(DATA SUPPLIED)
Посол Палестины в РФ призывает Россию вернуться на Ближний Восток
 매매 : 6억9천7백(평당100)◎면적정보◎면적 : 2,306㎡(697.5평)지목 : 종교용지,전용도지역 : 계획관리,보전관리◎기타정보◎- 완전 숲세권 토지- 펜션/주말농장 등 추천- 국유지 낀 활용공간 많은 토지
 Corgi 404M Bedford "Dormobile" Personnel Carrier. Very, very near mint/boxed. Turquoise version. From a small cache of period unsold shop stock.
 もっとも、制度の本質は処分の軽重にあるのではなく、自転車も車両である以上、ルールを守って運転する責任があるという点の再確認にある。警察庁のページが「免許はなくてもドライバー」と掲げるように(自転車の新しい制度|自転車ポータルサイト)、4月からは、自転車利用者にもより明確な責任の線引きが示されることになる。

* * *

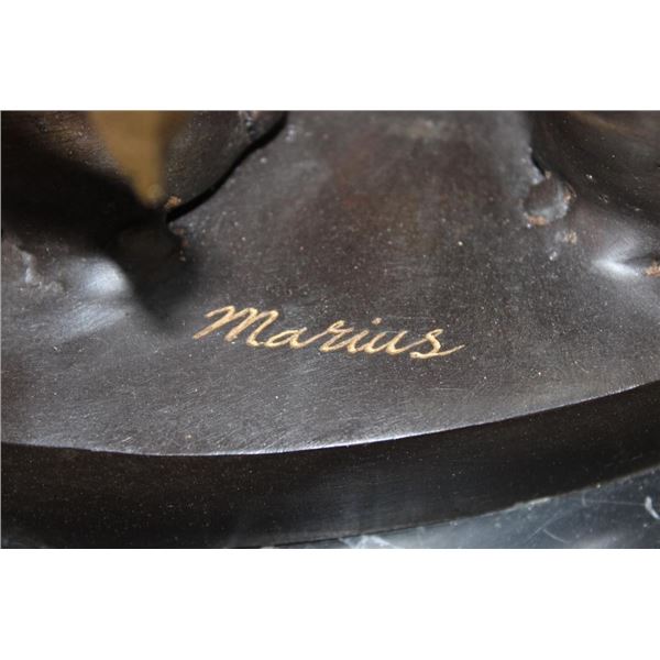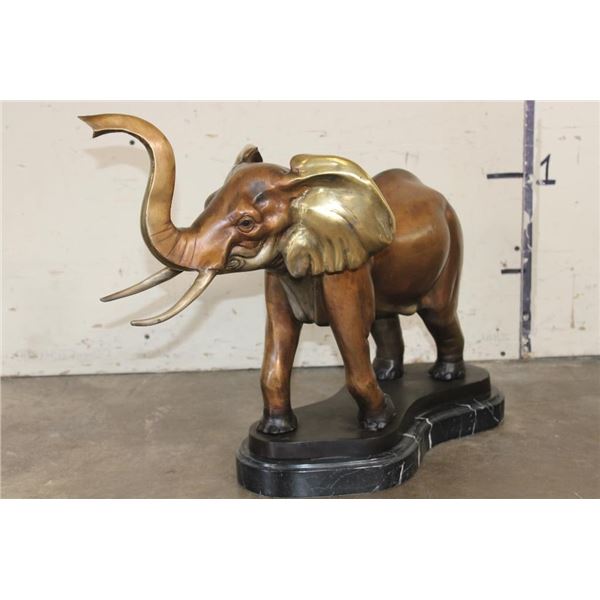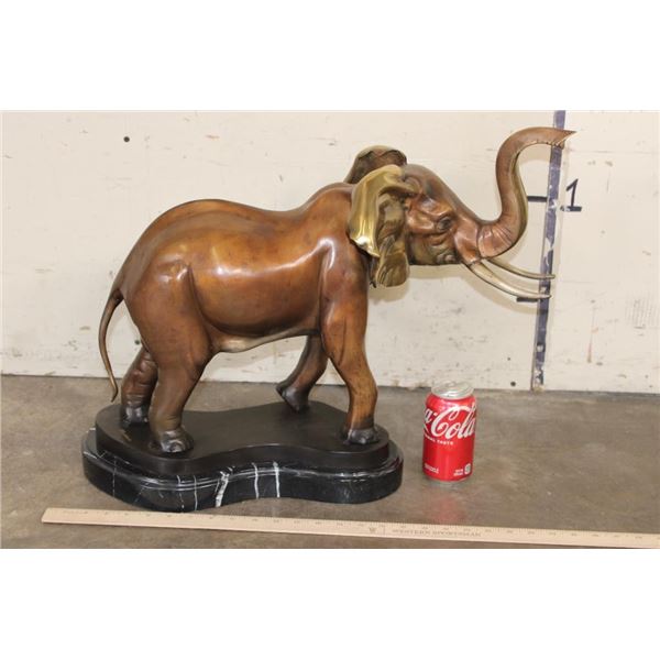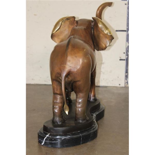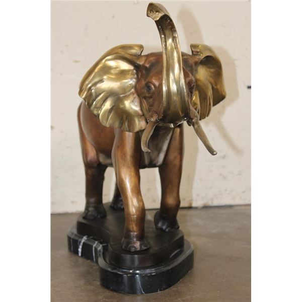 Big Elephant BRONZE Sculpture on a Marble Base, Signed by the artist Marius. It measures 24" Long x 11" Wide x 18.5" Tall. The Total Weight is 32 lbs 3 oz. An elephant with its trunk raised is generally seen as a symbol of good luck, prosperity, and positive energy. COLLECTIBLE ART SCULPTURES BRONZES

* * *

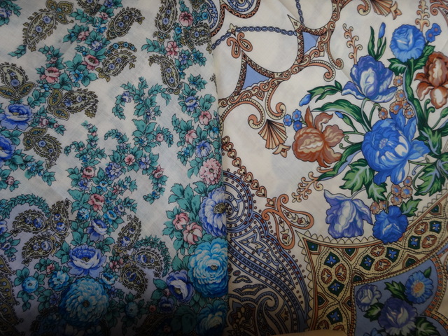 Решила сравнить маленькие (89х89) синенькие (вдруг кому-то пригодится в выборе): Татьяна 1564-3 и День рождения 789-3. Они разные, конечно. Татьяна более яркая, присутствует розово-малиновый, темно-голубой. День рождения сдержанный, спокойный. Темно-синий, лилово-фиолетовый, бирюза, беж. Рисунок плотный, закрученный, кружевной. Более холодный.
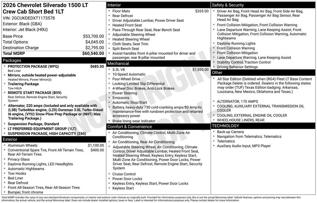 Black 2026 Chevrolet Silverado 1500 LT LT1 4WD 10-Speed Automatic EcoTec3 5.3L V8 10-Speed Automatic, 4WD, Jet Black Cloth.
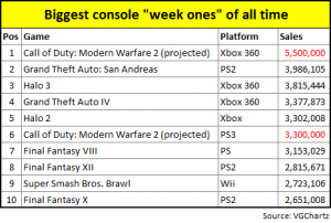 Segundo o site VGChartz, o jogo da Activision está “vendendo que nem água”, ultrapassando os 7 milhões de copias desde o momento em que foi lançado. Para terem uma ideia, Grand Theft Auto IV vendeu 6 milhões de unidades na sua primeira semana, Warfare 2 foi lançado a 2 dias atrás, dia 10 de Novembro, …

(WORK ORDER) Extract from the listing above the lines between the line containing "Corgi 404M Bedford" and the line containing "もっとも、制度の本質は処分の", keeping both of those lines. Output nothing else.

(SOLUTION)
 Corgi 404M Bedford "Dormobile" Personnel Carrier. Very, very near mint/boxed. Turquoise version. From a small cache of period unsold shop stock.
 もっとも、制度の本質は処分の軽重にあるのではなく、自転車も車両である以上、ルールを守って運転する責任があるという点の再確認にある。警察庁のページが「免許はなくてもドライバー」と掲げるように(自転車の新しい制度|自転車ポータルサイト)、4月からは、自転車利用者にもより明確な責任の線引きが示されることになる。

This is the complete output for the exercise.